Trying to focus on simplicity. PMA, 180s, GAL, Validate, Detach, Boundaries. Simplicity helps.
GAL Went for a walk outside after kids went to sleep tonight. We live in a remote area in the woods. Best 30 minutes of my last week, just clearing my headspace while dusk turned to darkness. I felt great about this.
Also decided to go shop for some new clothes tomorrow. This is new for me, in the past I have relied on my W alot. I have a lot of old, shabby looking shirts so a wardrobe improvement is long overdue.
Detach W asked me if I received a b-day card from her D’d friend who I believe is her closest confidante in this ordeal. I said, “Yes” then paused and said “She sends me a card every year, she is so thoughtful. Have you heard from her recently?” Then just listened. Not sure how well I did here.

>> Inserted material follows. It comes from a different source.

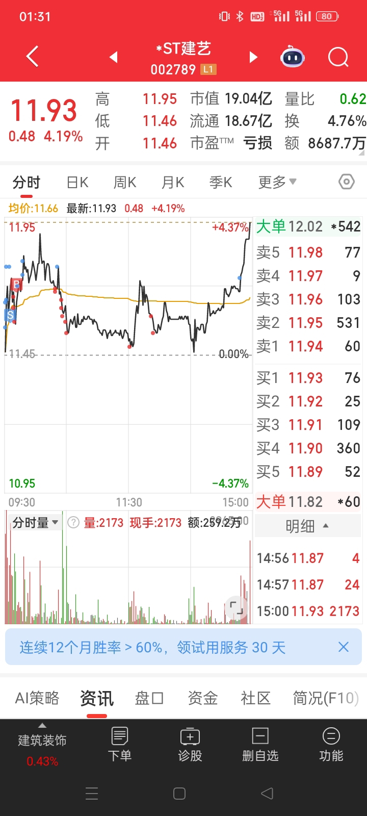 $*ST建艺(SZ002789)$ 林北公啊又双叒叕想起一首诗,嘈嘈切切错杂弹,大珠小珠落玉盘……好久没来股吧了,再刷抖音快手挣点零花钱,为了加建艺卖飞了合纵……目前建艺持仓是利润持仓,主力已控盘,会腰鼓还是退市接下来会揭开谜底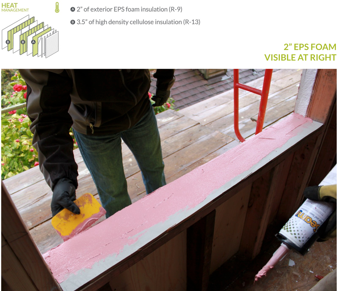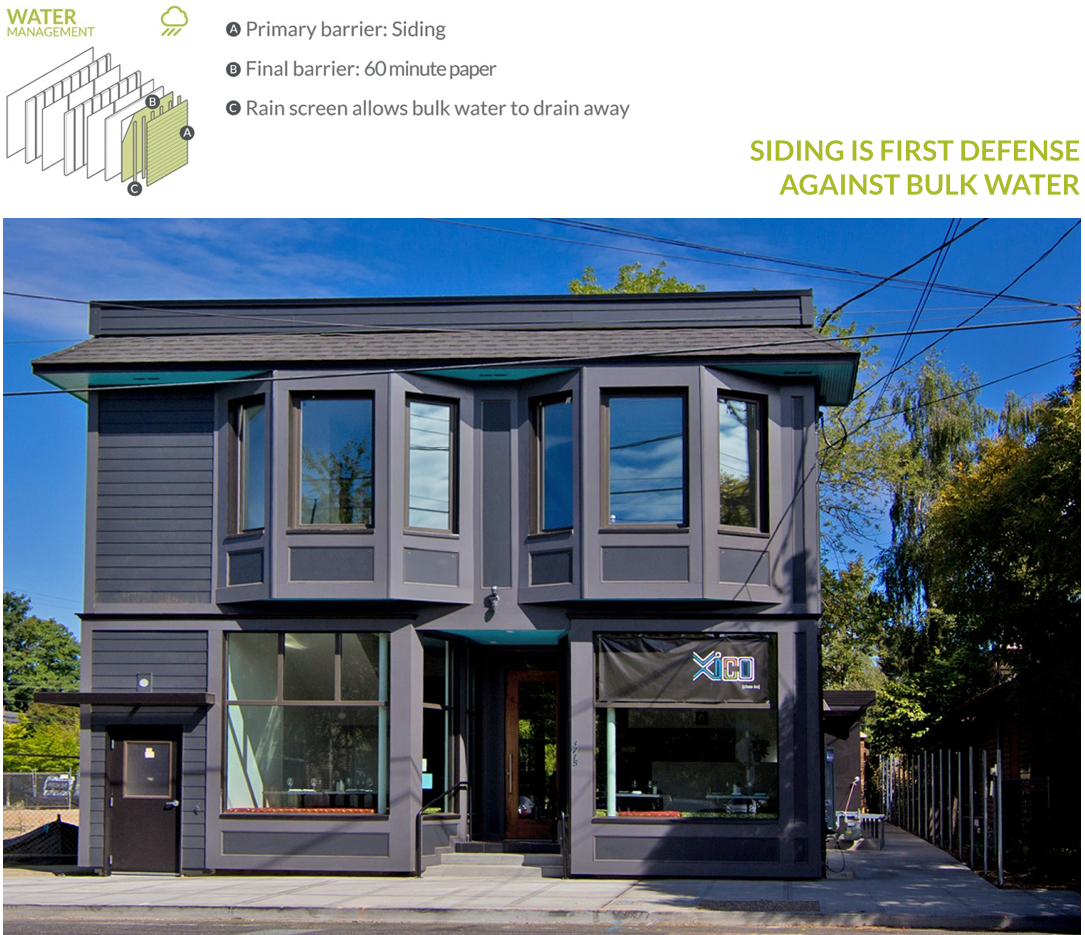 Glasswood’s Hardie siding provides the first line of defense from water intrusion, with a rain screen cavity behind that allows water to drain away. 60 minute paper provides the water-resistive barrier, while a continuous layer of DensGlass immediately outboard of the EPS adds code-required fire resistance to the assembly.

W also mentioned she is trying to contact MC’s but having no luck finding availability. I said, “OK” and that was that.
180s I am still confused here as many newbies are. On the one hand, I need to 180 from attempting to “fix” things and have R talks. On the other hand, I have also been accused at times of being distant and withholding affection.
I get really confused on 180s. It seems like there are a few categories: - Obviously toxic behaviors (abuse, etc.). - Behaviors which may be viewed as toxic by your spouse, but not yourself -> what do you do here? - Ways to improve (chores, becoming a better parent, etc.) - Conflicting behaviors (don’t chase, but don’t be too distant) -> very confusing to us newbies I think
Anyways - my biggest 180 is just not bringing up the state of our M. I have the constant worry that I am making a huge mistake by not trying one more calm approach, but I’m going with it.
Overall today was a good day, for me. I’m not worried about whether it impacted my M, at least not today. Changing up little things felt great. Not much of an opportunity to work on Boundaries or Validation. PMA is a work in progress.